TITLE 30 - MINERAL RESOURCES (December 2005)

CHAPTER II - MINERALS MANAGEMENT SERVICE, DEPARTMENT OF THE

INTERIOR

SUBCHAPTER B - OFFSHORE

PART 250 - OIL AND GAS AND SULPHUR OPERATIONS IN THE OUTER

CONTINENTAL SHELF

subpart d - OIL AND GAS DRILLING OPERATIONS

250.442 - What are the requirements for a subsea BOP stack?

(a) When you drill with a subsea BOP stack, you must install the BOP system before drilling

below surface casing. The District Supervisor may require you to install a subsea BOP system

before drilling below the conductor casing if proposed casing setting depths or local geology

indicate the need.

(b) Your subsea BOP stack must include at least four remote-controlled, hydraulically operated

BOPs consisting of an annular BOP, two BOPs equipped with pipe rams, and one BOP equipped

with blind-shear rams.

(c) You must install an accumulator closing system to provide fast closure of the BOP

components and to operate all critical functions in case of a loss of the power fluid connection to

the surface. The accumulator system must meet or exceed the provisions of Section 13.3,

Accumulator Volumetric Capacity, in API RP 53, Recommended Practices for Blowout

Prevention Equipment Systems for Drilling Wells (incorporated by reference as specified in

250.198). The District Supervisor may approve a suitable alternative method.

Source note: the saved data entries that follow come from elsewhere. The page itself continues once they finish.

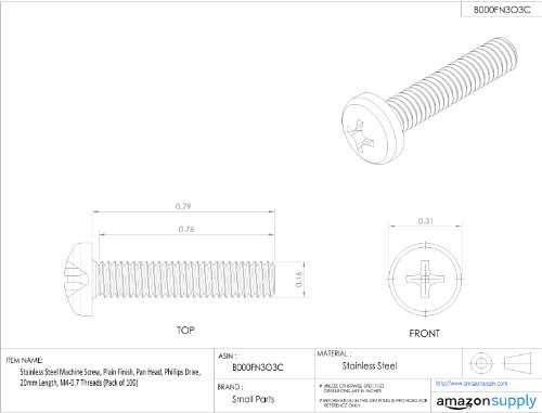 Stainless Steel Machine Screw, Plain Finish, Pan Head, Phillips Drive, 20mm Length, M4-0.7 Threads (Pack of 100)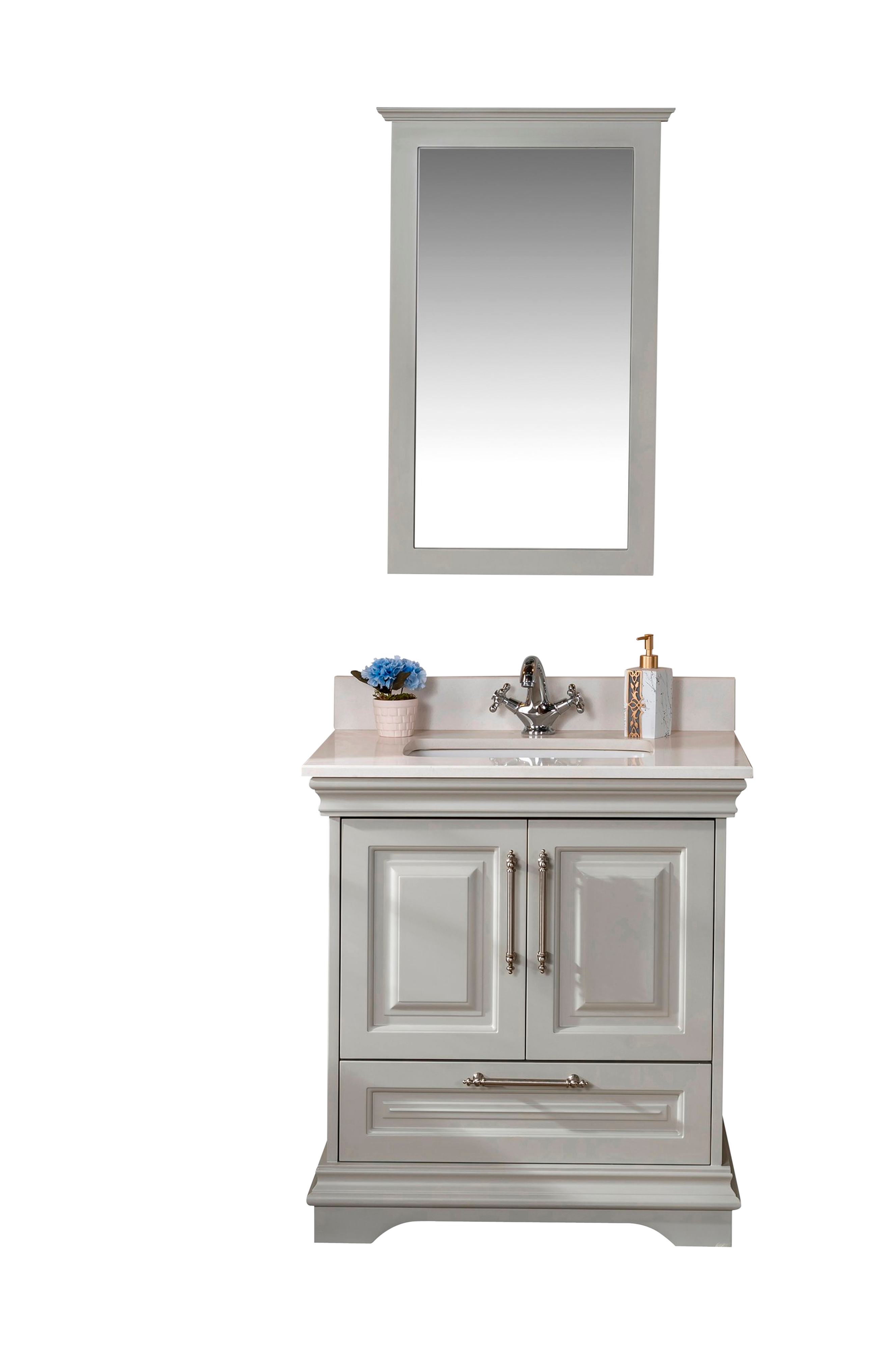 100% lakkert MDF (massivt tre) (tykkelse: 18 mm) benkeplate: 100% hvit kvarts & montert håndvask av porselen
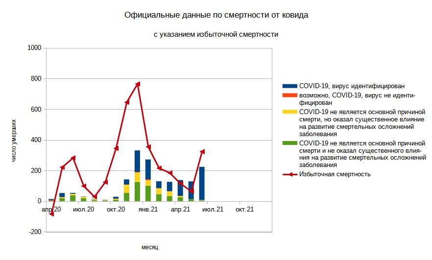 Ну и традиционный график избыточной смертности и категорий ковидной смертности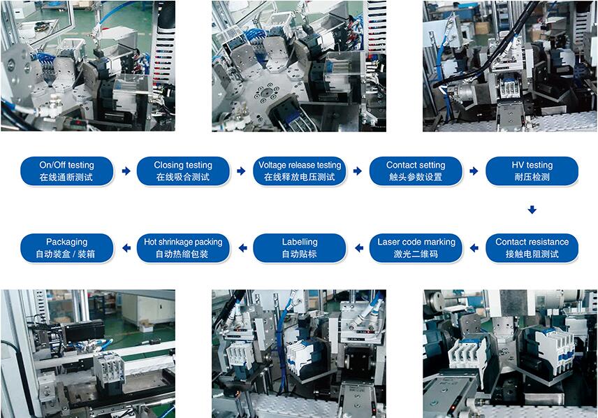楚天光電激光完成交 / 直流接觸器的產(chǎn)品半自動(dòng)裝配,采用人工、部件裝配半自動(dòng)工裝、全自動(dòng)螺絲裝配機(jī)相結(jié)合的模式。自動(dòng)性能指標(biāo)測(cè)試,包含通斷,吸合、釋放電壓、保持功耗、觸 頭參數(shù)、耐壓、主觸頭接觸電阻等。產(chǎn)品包裝:主要包含激光二維碼、產(chǎn)品貼標(biāo),裝盒、熱縮包裝等工序。其中激光二維碼關(guān)聯(lián)到單件產(chǎn)品的所有測(cè)試參數(shù)。實(shí)現(xiàn)物流傳輸自動(dòng)化。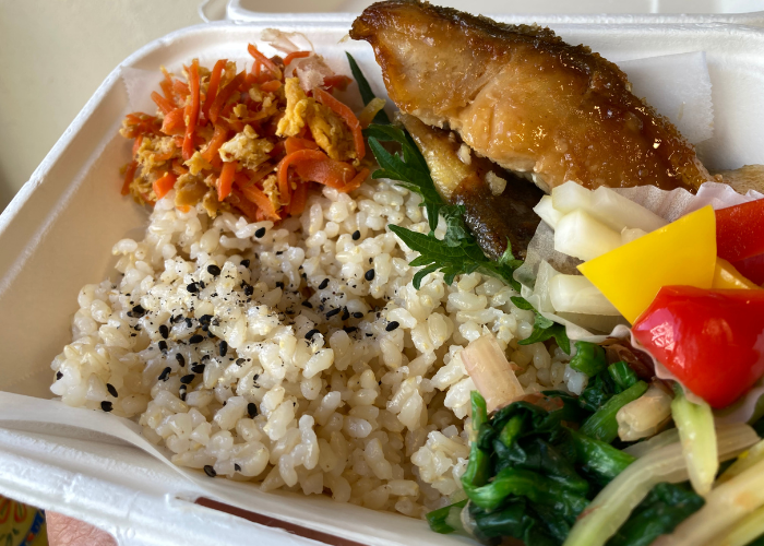 ユタカで販売している料理はできるかぎり手作りのお料理をご提供しています。 管理栄養士監修のお弁当はメインと野菜を中心としたおかずが 3 品ほど入っています。みなさんの元気の源になるよう、食品のバランスや糖質、脂質、塩分などに考慮した内容になっております。他にオリジナルスパイスを使ったドライカレー や量り売りのおそうざいを販売しています。新店舗は店内で食事ができるので朝ごはんやコーヒーをご提供する予定です。

(d) The BOP system must include an operable dual-pod control system to ensure proper and

independent operation of the BOP system.

(e) Before removing the marine riser, you must displace the riser with seawater. You must

maintain sufficient hydrostatic pressure or take other suitable precautions to compensate for the

reduction in pressure and to maintain a safe and controlled well condition.